*** DATA UNDER STUDY Section Begins ***
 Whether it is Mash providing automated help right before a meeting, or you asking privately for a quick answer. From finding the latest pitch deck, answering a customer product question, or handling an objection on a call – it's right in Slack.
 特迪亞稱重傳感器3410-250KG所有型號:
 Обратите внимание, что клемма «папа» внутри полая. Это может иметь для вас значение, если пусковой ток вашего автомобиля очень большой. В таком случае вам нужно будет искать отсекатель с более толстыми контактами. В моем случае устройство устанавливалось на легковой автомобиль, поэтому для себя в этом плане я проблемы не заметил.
*** DATA UNDER STUDY Section Ends ***
*** DATA UNDER STUDY Section Begins ***
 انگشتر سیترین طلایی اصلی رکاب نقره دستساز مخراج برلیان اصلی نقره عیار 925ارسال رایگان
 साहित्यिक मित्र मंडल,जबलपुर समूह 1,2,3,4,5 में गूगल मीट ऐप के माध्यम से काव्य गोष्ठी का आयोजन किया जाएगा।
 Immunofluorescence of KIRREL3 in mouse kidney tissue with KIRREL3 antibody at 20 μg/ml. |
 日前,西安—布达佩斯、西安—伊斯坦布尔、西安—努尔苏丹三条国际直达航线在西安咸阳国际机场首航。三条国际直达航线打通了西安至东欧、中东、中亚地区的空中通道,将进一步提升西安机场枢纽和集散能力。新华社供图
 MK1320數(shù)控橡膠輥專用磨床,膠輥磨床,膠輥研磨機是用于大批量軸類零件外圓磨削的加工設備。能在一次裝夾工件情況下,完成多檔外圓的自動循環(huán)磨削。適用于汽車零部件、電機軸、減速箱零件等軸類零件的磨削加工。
*** DATA UNDER STUDY Section Ends ***
*** DATA UNDER STUDY Section Begins ***
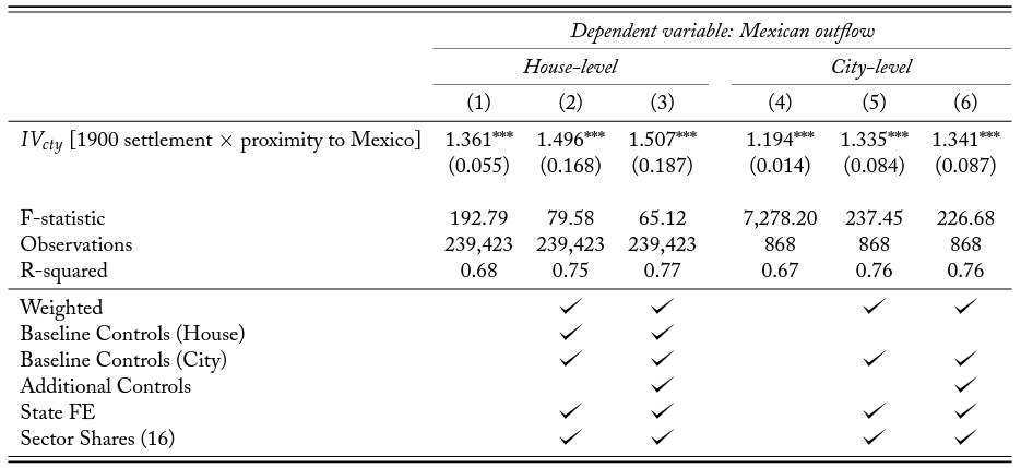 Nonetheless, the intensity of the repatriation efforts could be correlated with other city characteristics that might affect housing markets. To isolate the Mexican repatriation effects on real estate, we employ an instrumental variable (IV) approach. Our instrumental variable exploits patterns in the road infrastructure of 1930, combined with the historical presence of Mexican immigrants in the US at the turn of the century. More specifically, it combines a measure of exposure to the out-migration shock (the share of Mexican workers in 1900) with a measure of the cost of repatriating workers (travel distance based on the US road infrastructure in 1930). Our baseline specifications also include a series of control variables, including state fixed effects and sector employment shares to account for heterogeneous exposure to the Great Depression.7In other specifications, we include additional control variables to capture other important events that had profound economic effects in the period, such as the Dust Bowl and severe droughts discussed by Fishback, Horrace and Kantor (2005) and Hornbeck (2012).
*** DATA UNDER STUDY Section Ends ***
* [EXERCISE] Set down, unchanged, only those lines above that fall between the line with "日前,西安—布达佩斯、西安—" and the line with "MK1320數(shù)控橡", the two end lines included.

* [SOLVED EXERCISE]
 日前,西安—布达佩斯、西安—伊斯坦布尔、西安—努尔苏丹三条国际直达航线在西安咸阳国际机场首航。三条国际直达航线打通了西安至东欧、中东、中亚地区的空中通道,将进一步提升西安机场枢纽和集散能力。新华社供图
 MK1320數(shù)控橡膠輥專用磨床,膠輥磨床,膠輥研磨機是用于大批量軸類零件外圓磨削的加工設備。能在一次裝夾工件情況下,完成多檔外圓的自動循環(huán)磨削。適用于汽車零部件、電機軸、減速箱零件等軸類零件的磨削加工。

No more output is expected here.